Berdasarkan data menunjukkan dari 7.809 desa di Jateng, ada sekitar 7.173 BUMDES. Pembentukan BUMDes sendiri diharapkan berasal dari usulan masyarakat desa. Setelah berdiri, pengelola BUMDes perlu menyusun program kerja sesuai potensi yang ada di desa.

Menurut Sumanto, saat ini mengelola komoditas pangan cukup bagus dilakukan. Pasalnya komoditas pangan memiliki potensi besar untuk dikembangkan dan menjadi konsumsi semua orang. Langkah tersebut juga akan mendorong perekonomian di desa.

Namun dari sekian banyak BUMDes yang ada di Jateng, yang berhasil adalah yang mengelola potensi wisata.

Dicontohkan destinasi wisata Umbul Ponggok Kabupaten Klaten yang dikelola BUMDes setempat, sukses mendatangkan banyak wisatawan.

Ia menyoroti banyak BUMDes lainnya kurang optimal dan hanya sekadar memiliki papan nama. "Padahal BUMDes ini muncul sejak lama, UU dan Perda yang mengatur usaha di tingkat desa. Hal ini harus kembali disosialisasikan, mengingat potensi wisata di Jateng," ujarnya.

Pada sisi lain dikatakan tak semua BUMDes perlu mengelola tempat wisata. Bidang pengelolaan disesusaikan dengan potensi yang ada di desa. Untuk itu perlu melakukan perencanaan dan terobosan karena mengelola usaha tidaklah mudah.

"Dengan adanya BUMDes ini ke depan harus ada program dari kabupaten/kota, provinsi, maupun pusat.

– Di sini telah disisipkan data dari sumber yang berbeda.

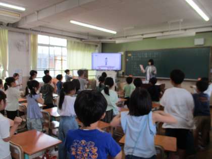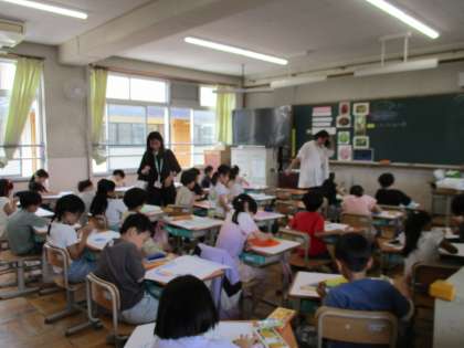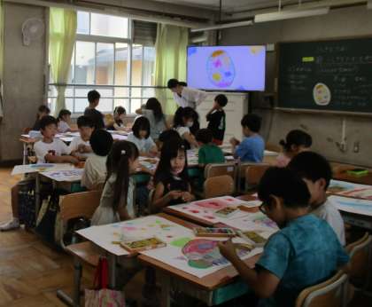 休日参観では、1・2時間目は図画工作科「ふしぎなたまご」を一人ひとりが想像して、オリジナルのたまごを描きました。3時間目の外国語活動「いくつかな」では、英語での挨拶や1から10の数字を歌に合わせて元気に歌いました。
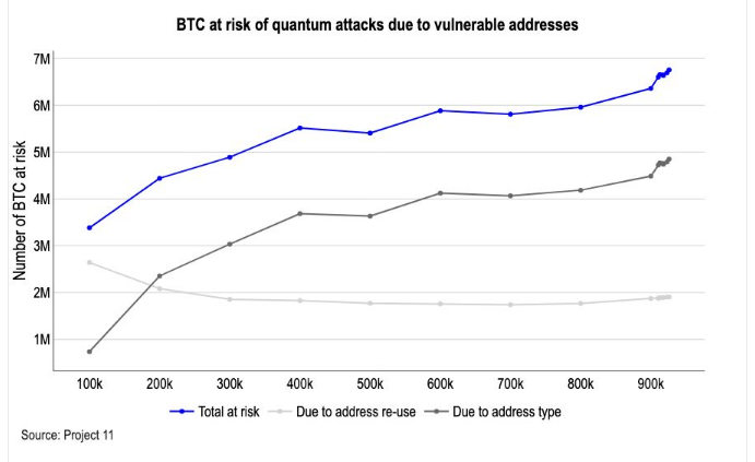 Duong said about one-third of the Bitcoin supply may be structurally exposed because their public keys are already visible on the blockchain. That figure is close to 33%, or about 6.51 million BTC, held in address types where public keys are revealed and could, in theory, be derived into private keys by a powerful enough quantum computer. Reports have highlighted that this exposure comes mostly from address reuse and older wallet formats.
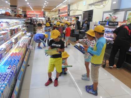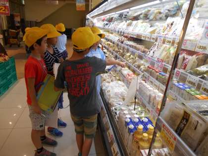社会科の学習で,ヤマナカの見学をしました。バックヤードにも入れていただき,お店の仕組みや,いろいろな工夫を知ることができました。お客さんに声をかけられ,「社会の勉強で来ました。」と答える場面もありました。
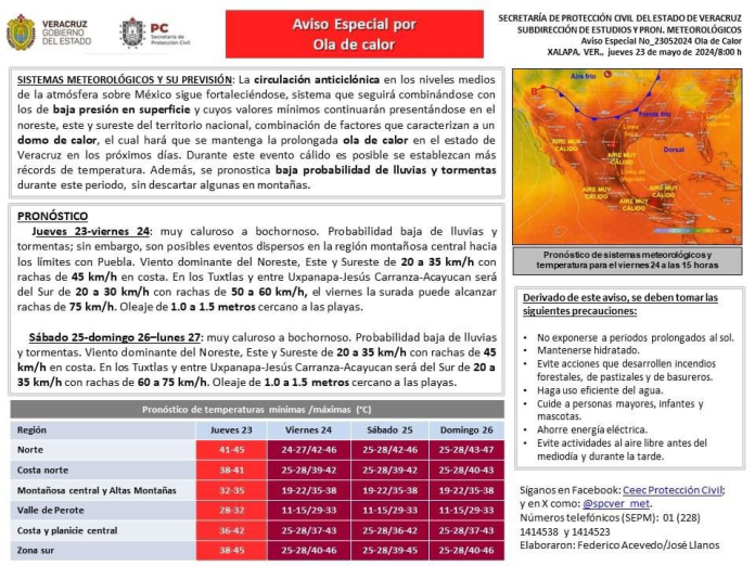 Para el jueves 23 y viernes 24 de mayo se prevé muy caluroso a bochornoso. Probabilidad baja de lluvias y tormentas; sin embargo, son posibles eventos dispersos en la región montañosa central hacia los límites con Puebla. Viento dominante del Noreste, Este y Sureste de 20 a 35 km/h con rachas de 45 km/h en costa.
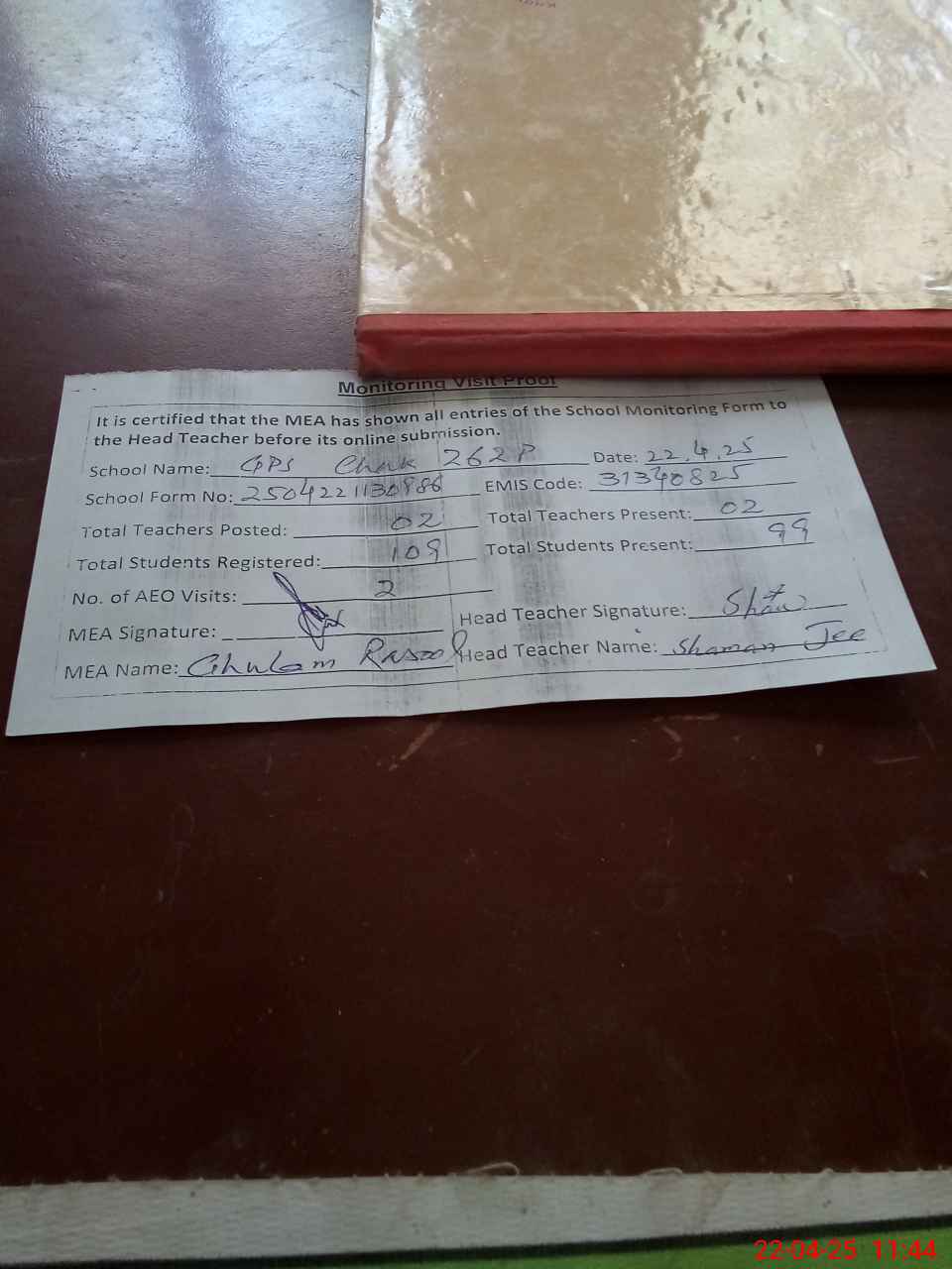 | Attendance Register | Head Teacher | MEA with School | Visit Proof |
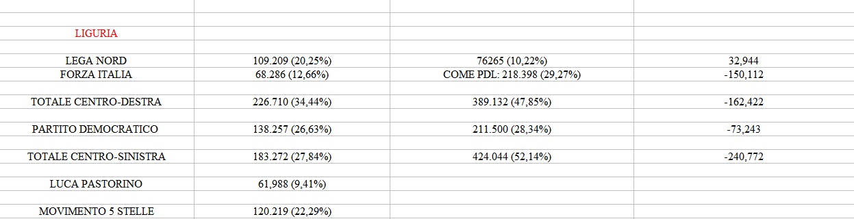 La Lega Nord ha incassato 109.209 voti guadagnando 32.944 voti rispetto alle regionali del 2010, quando ne aveva presi 76.265. Perde una barca di voti Forza Italia (nel 2010 Pdl): il 31 maggio ha preso 68.286 voti, ai quali aggiungendo i 8.408 della lista “Liguria Libera” (di Enrico Musso, ex Pdl presentatosi da solo) si arriva a 76.694 voti. Nel 2010 il Pdl prese 218.398 voti, che diventano 269.057 se si aggiungono i 45.261 voti della Lista Biasotti e i 5.398 di Gente d’Italia. Quindi fanno 150 mila voti in meno al partito Forza Italia e  192.343 voti in meno se si allarga il discorso alle liste collegate. Il Movimento 5 Stelle sale da 0 (non si presentò nel 2010) a 120.219 voti.

Karena merintis usaha itu sulit, BUMDes ini dikelola masyarakat sehingga perlu ada perencanaan yang matang," tandasnya.

Salah satu suasana rapat kerja di Komisi B DPRD Jateng. (istimewa/dokumentasi Humas DPRD Jateng)

Lumbung pangan

Selain itu Sumanto juga mendorong BUMDes mengelola lumbung pangan di desa-desa. Pasalnya, Jateng merupakan provinsi penghasil beras utama di Indonesia.

"Ini momentum untuk menjadikan BUMDEs kembali ke dulu namanya lumbung pangan. Sebab pangan ini komoditas yang semua mengkonsumsi. Sementara Jateng ini penghasil produk pertanian kalau tidak nomor satu ya nomor dua se-Indonesia," ujarnya.

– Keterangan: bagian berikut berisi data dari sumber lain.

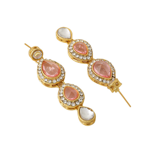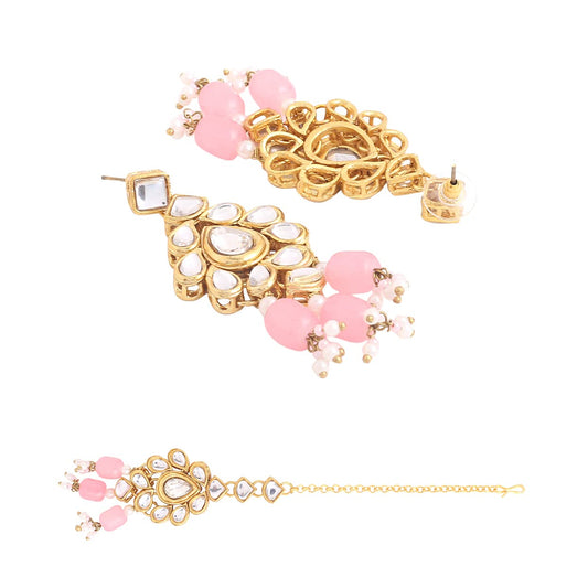 Jewellery Set for Women and Girls Kundan Necklace Set Gold Plated Kundan Studded Pink Beads Drop Necklace Set | Birthday Gift for girls and women Anniversary Gift for Wife

Mantan Ketua DPRD Kabupaten Karanganyar ini menambahkan, meski produktivitas pertanian di Jateng tinggi, hal tersebut belum sebanding dengan kesejahteraan petani. Di Jateng sendiri ada sekitar 3,5 juta penduduk yang menjadi petani.

Dari jumlah tersebut, ada sekitar 1,5 juta petani yang memiliki lahan dengan luas di bawah 2.000 m2. Dengan Harga Pembelian Pemerintah (HPP) gabah hanya Rp 4.200 per kilogram, penghasilan mereka hanya sekitar Rp 400 ribu per bulan.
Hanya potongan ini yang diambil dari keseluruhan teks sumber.